The idea of parents bailing us out if we got in trouble in school or broke a law was unheard of. They actually sided with the school or the law. Imagine that!

This generation has produced some of the best risk-takers, problem solvers, and inventors, ever.

We had freedom, failure, success, and responsibility — and we learned how to deal with it. And you’re one of them!

Anyway, kids need to know any action they have like that has a consequence. So if they do it again they are going to think twice about it- so you did just fine.

Dragongirl, you were Right. Don’t listen to your friend.

It’s the Kid, not the Cookie. And Public Humiliation for the crime (and this isn’t that public, and it isn’t that humiliating) IS called for.

We all grew up with more harsh standards than are being applied today and by-and-large, we all ended up OK. We parent by how we were parented and by what we have seen as effective strategies that Work. When we are forced to parent by the Exception instead of the Rule, the result is Always the same: Non-Parenting. And Active Parenting is Always better than Pensive Non-Parenting.

Exceptions Be Damned! You Go Dragongirl!!!

I think you handled it properly. I also think that it is good that you did not take the boy home and beat him like some other parents would have.

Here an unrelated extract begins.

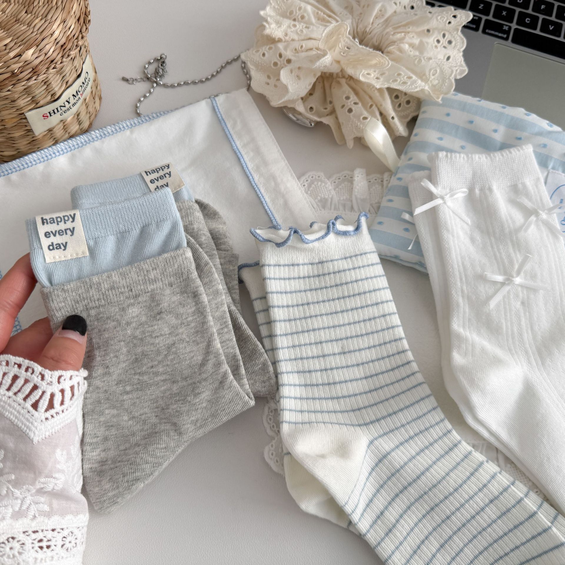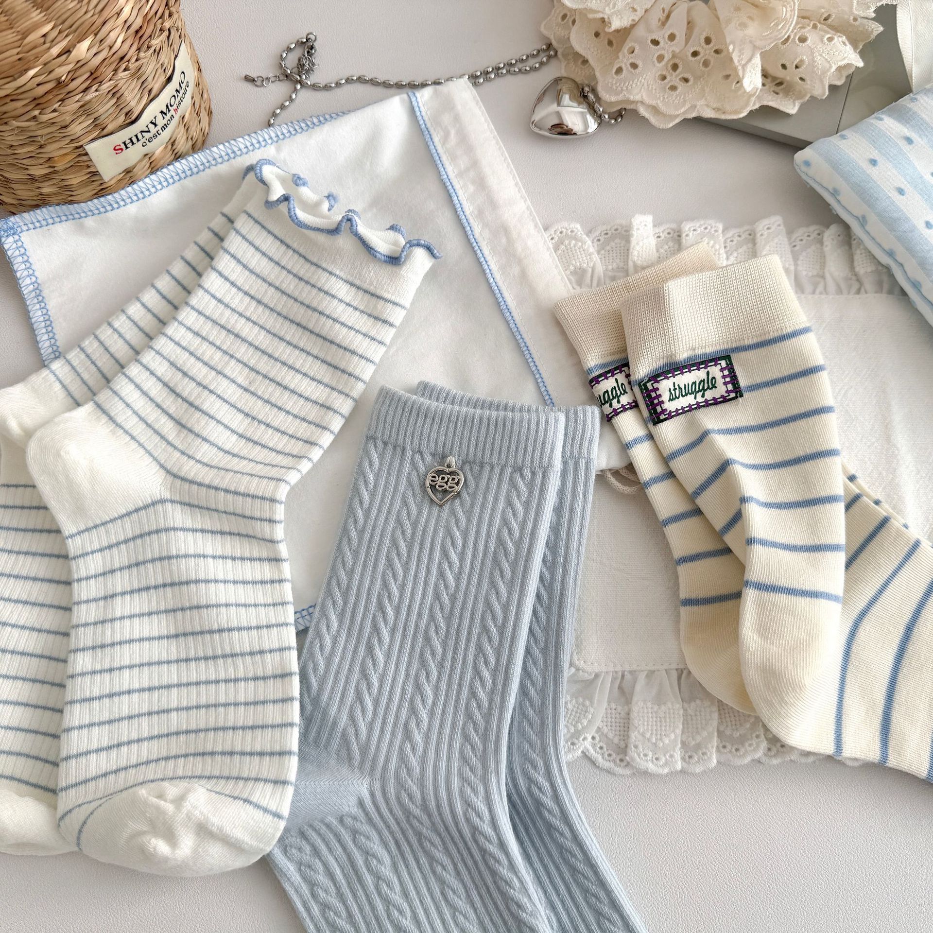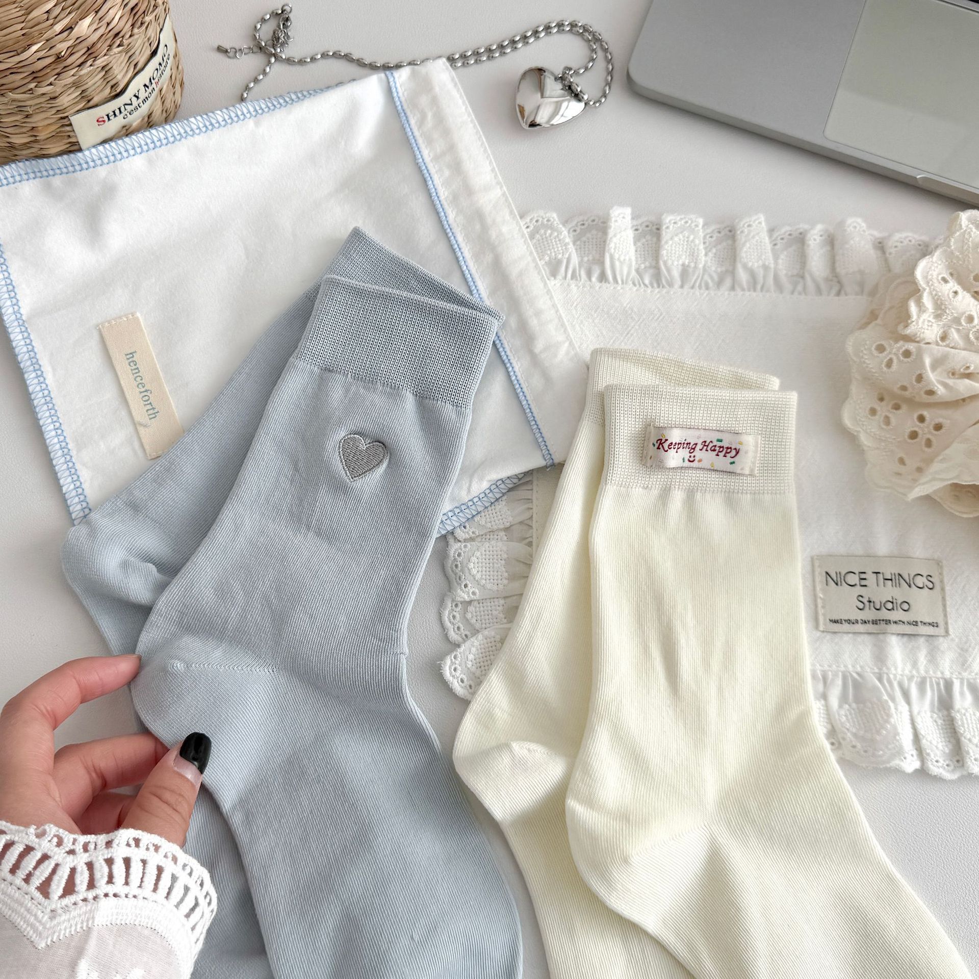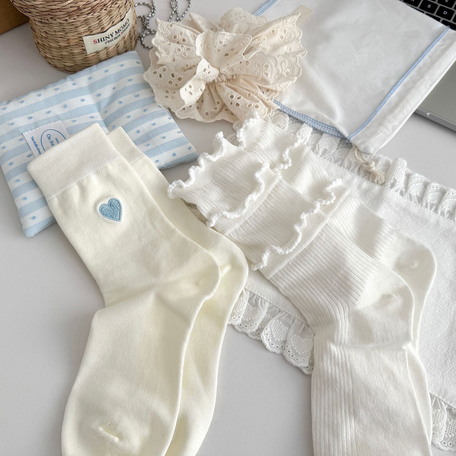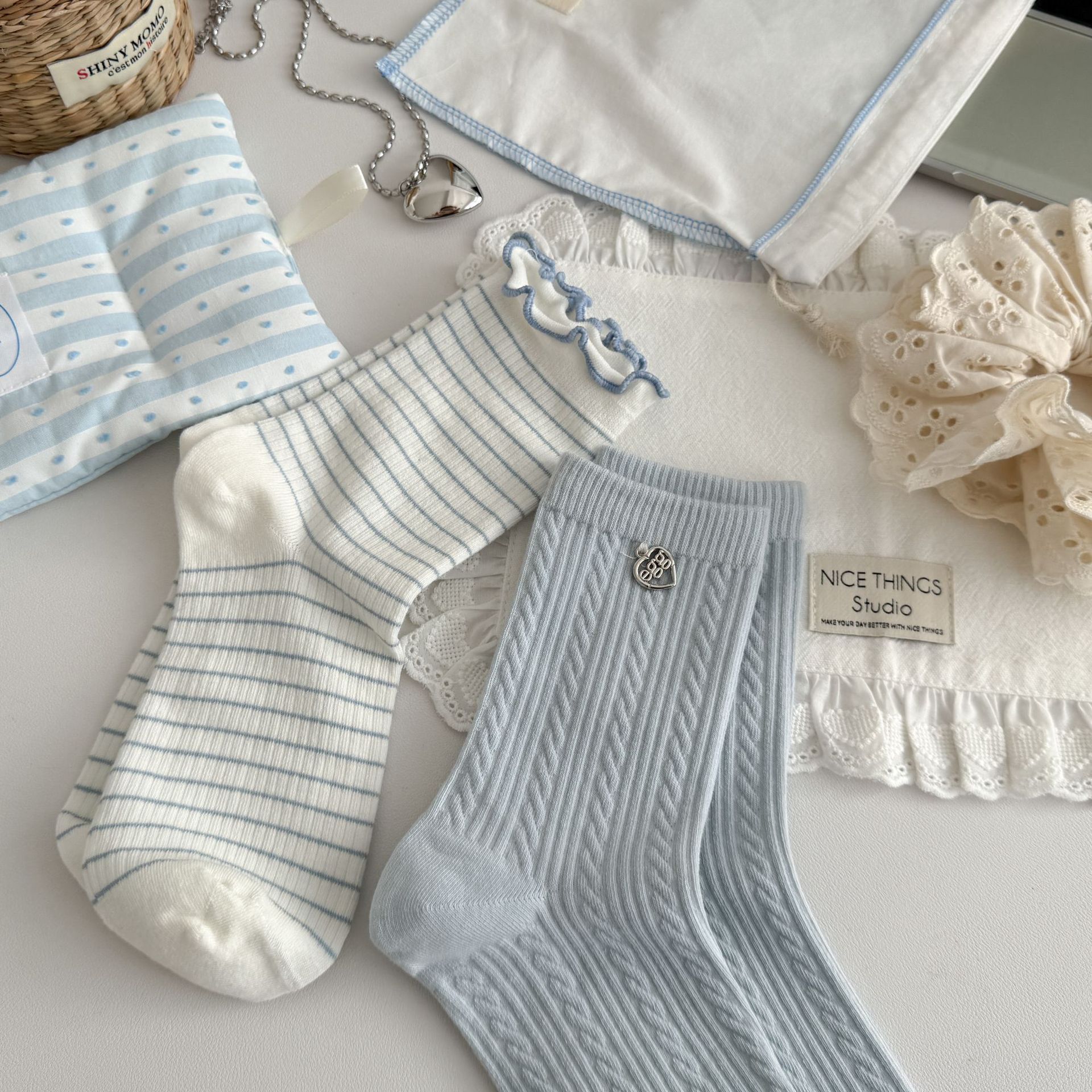 봄과 여름 새로운 한국 스타일 화이트 블루 자수 활 여름 얇은 양말 중간 양말 달콤한 통기성 여성 양말스토어 가기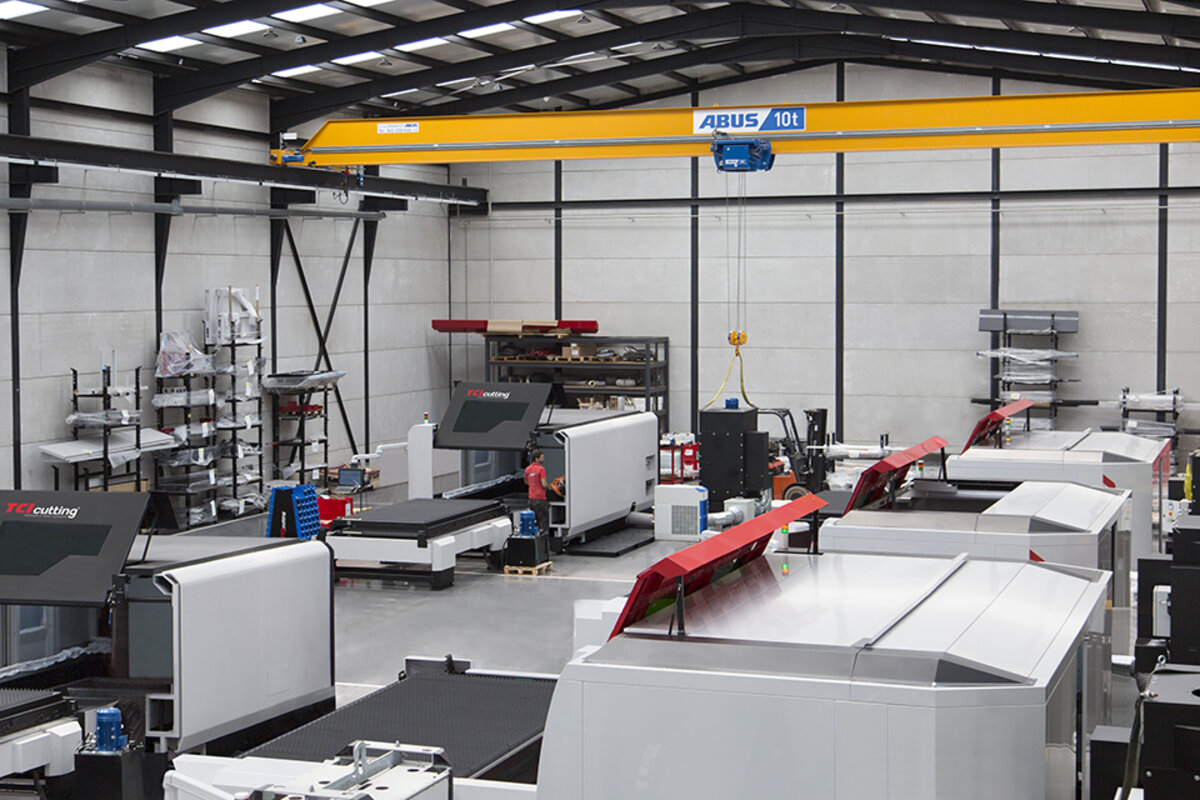 ABUS Laufkrane bei TCI Cutting, Weltmarktplayer für Laserschnitt und Wasserstrahlschneidemaschinen

I really don’t get natalia. The circumstance of a child being caught stealing and a child being raped and then not believed by her parents are so different that they can’t be compared.

oh and Delores

I’m pretty sure that there were some overweight kids back in the 30s 40s 50s ect.

and the other claims of the email are a little too over-reaching and generalizing.

I realize that. It was supposed to be a cute nostalgic look back at the way we were raised, where our actions had consequences, instead of the way things are now, where everyone is a victim. I thought everone would get that.